As redeemed children filled with the Holy Spirit, we are (more than ever) aware of the ways in which we still fail the Lord, so grieved by the way our heart inclines back to Egypt (the idols we used to serve.) We feel the heat of wanting to do what is right but evil lying close at hand. (Romans 7) All of this is part of the Christian life, of the pilgrim path spanning from earth to heaven. We might think it is a very godly thing to identify ourselves as “great sinner,” “spiritually adulterous,” “unclean” or our righteousness as “filthy rags.” (Isaiah 64:6) We may still see ourselves as the one lying in her blood.
But are we? Just because that is the picture of what we were outside of Christ does not mean that is the reality of us now. The Lord did see us in our blood, but he spoke to us “Live!” He put his breath into our dry bones and covered us in flesh. (Ezekiel 37) Nothing can undo the word of the Lord once spoken. He has full command of life and death and has given life unto us. Why should we continue to wrap ourselves in the names of death? Why should we parade our badges of sin as if we need to outdo one another in proclaiming how rotten we are? We are “all children of light and children of the day. We do not belong to the night or the darkness.” (1 Thessalonians 5:5) So let us put away the names we wore in those places.
The Lord is not a stranger to how hard our struggle is before glory. The sin that remains is real and it is serious. But it has also been fully dealt with, even as we continue to deal with it in the power of the Holy Spirit. We are clean and being cleansed. We are declared saints and also becoming saints. This is our main identity now, and it will be our identity forever. It is far more true of us that we are saints than that we are sinners. As Melissa Kruger so helpfully delineates in the book Identity Theft, we aresaints who still struggle with sin. We are not sinners who are struggling to become saints. (I recommend reading her entire chapter in that book, it is a breath of sweet relief.)

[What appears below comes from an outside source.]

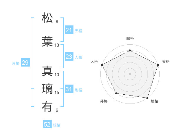 松葉 真璃有さんの総格は52画の4点!

And because Christ has taken upon himself our spiritual adultery and given us his record of full fidelity, we can face the sin that remains in full confidence of our forgiveness and belonging. We can look square at our faithlessness of today, carry it into the light and call it what it is. Then we bring it to the Lord, who sees our godly grief and is familiar with our every weakness. We can weep over what remains and boldly take hold of full pardon, full joy, and full peace. It is ours, and he is glad to give it.
God looks at all those who hide in his Son and all he sees are his faithful children. In him, your name is Faithful. The faithfulness of Christ is enough for you, do you believe it?